When he left the hospital in Colorado in 2018, he spent a week at Evans Army Community Hospital at Fort Carson, Colorado, to get stabilized.
After returning to Fort Bragg, he was sent to the Farley Center in Williamsburg, Virginia, for two months of alcohol treatment.
Another four months were spent at the outpatient behavioral health and through Fort Bragg’s substance abuse treatment program at Womack Army Medical Center.
“Throughout that entire time, I had the chain of command checking in not only on me but checking in on my family,” Kreitz said. “That’s what really helped me get through recovery at that point.”
Kreitz said his unit chaplain and command sergeant major would check on his family, which allowed him to focus on his recovery.
The first step, and admitting he was vulnerable, he said was the hardest.
He previously thought once he entered recovery, it would get harder.
However, he said he found the tools he needed to process his feelings and behavioral health.
He now has a value statement, where he is committed to three balanced promises: taking care of himself, spiritually, physically and mentally; being available for his family; and seeking help from others.

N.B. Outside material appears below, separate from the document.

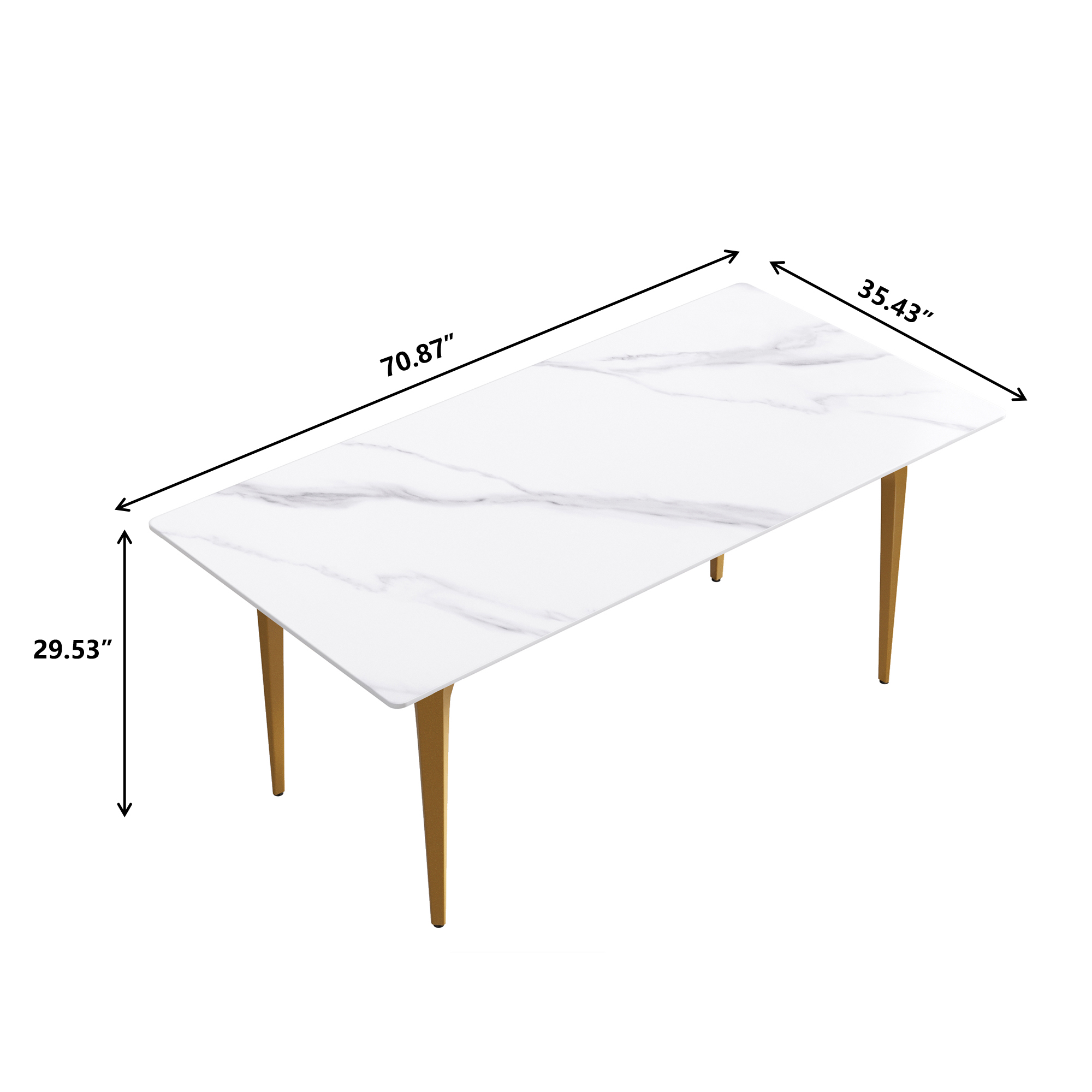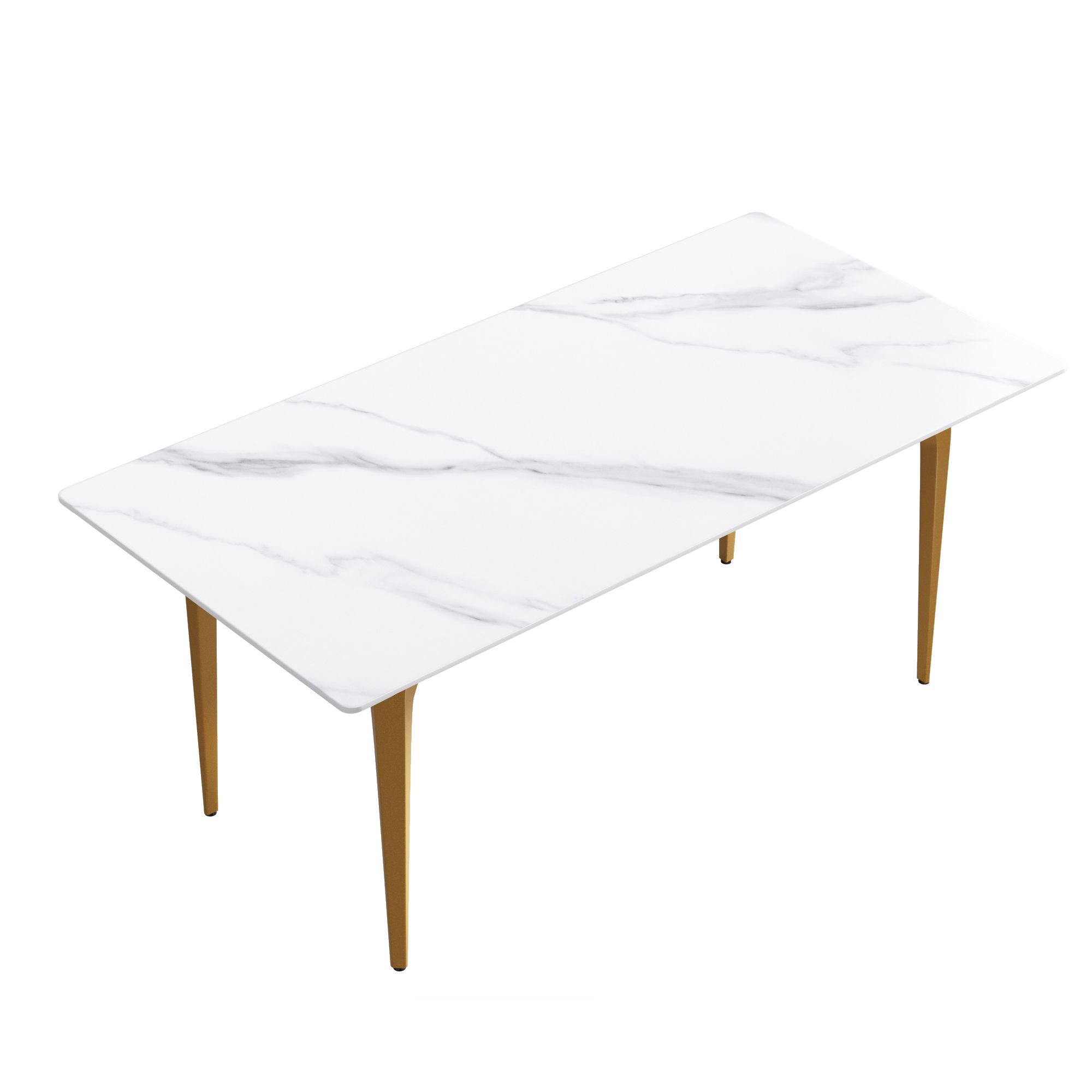 This modern and simple dining table will become the core of your dining, because it is not only the place where you hold dinner and family dinner, but also adds beauty to your space. Undoubtedly, the most striking thing about this dining table is the contrast between the snow-white panel and the aesthetic texture on the table top. Candlesticks can be placed on the dining table in a large space to create a romantic atmosphere for loved ones and a beautiful environment for family dinners and food ~Product description:[White simple appearance] This rectangular dining table is made of artificial stone, which is made into a perfect dining table with exquisite craftsmanship and can accommodate 6-8 people.[Strong dining table panel & easy to clean] The table top is one of the strongest surfaces. The 12mm thick desktop is made of sintered stone, which is heated and pressed into a blade shape, providing you with a desktop that can be used for many years. This material can prevent burns, stains and scratches, and has the characteristics of heat resistance, fire resistance and antifouling.[Stable base] This dining table is designed with four legs, and each leg has a contact surface, which has high stability.Product advantages:[Anti-fouling & easy cleaning] Extremely low water permeability can make oil or liquid impermeable, and the desktop can be kept clean only by wiping.[Fire resistance and high temperature resistance] When in direct contact with high-temperature objects or flames, it will not deform, crack or emit gas or odor.[Using natural materials] Natural materials do not release harmful substances, and are 100% recyclable. No radiation, direct contact with food.[High hardness] The 12mm thick panel has high hardness, leaving no trace whether it is knocked or cut with a knife.Warm tip:During the processing of natural materials, there will be subtle changes in color tone, surface texture and texture, and there will be subtle differences with pictures, which is a normal phenomenon. Natural changes are not regarded as product defects.

“If I can’t take care of myself, I can’t take care of others,” he said.
Kreitz said he now makes decisions about asking others for help instead of staying late at work to allow for family time.
Another way he said he’s found recovery is by volunteering to serve others, which he said allows him to find fulfillment instead of being solely fulfilled by work.
“I can do that in uniform and I can do that out of uniform,” he said of the priorities in his value statement.
And, Kreitz said, he is allowing himself to be vulnerable.
“Now if I can help someone else, this vulnerability is worth it,” he said.
Shortly after he completed treatment in Virginia, he spoke to his battalion about his experience.
He said three to four soldiers in the battalion went to their leadership after hearing his story to say they needed help.
Kreitz said he thinks behavioral health and seeking help is an individual responsibility balanced with engaged leaders ensuring soldiers are taken care of.
One of the things he said he’s discussed with his counselor is whether behavioral health should be approached as a routine checkup in which all soldiers speak one-on-one with their providers more frequently.
He said he used to wonder what would happen to his battalion, but he found that it “was still running fine,” after he received treatment.
At the time he received treatment, he was a lieutenant colonel and had since been promoted to a colonel and is currently the director of information warfare for the 1st Special Forces Command.
“What I really want folks to take away from this is that it is possible to get back on track,” Kreitz said.
Fort Bragg soldiers who need help can reach out to Military One Source, call the Suicide Prevention Hotline at 800-273-8255 or call Fort Bragg’s Army Substance Abuse Program at 910-396-5784.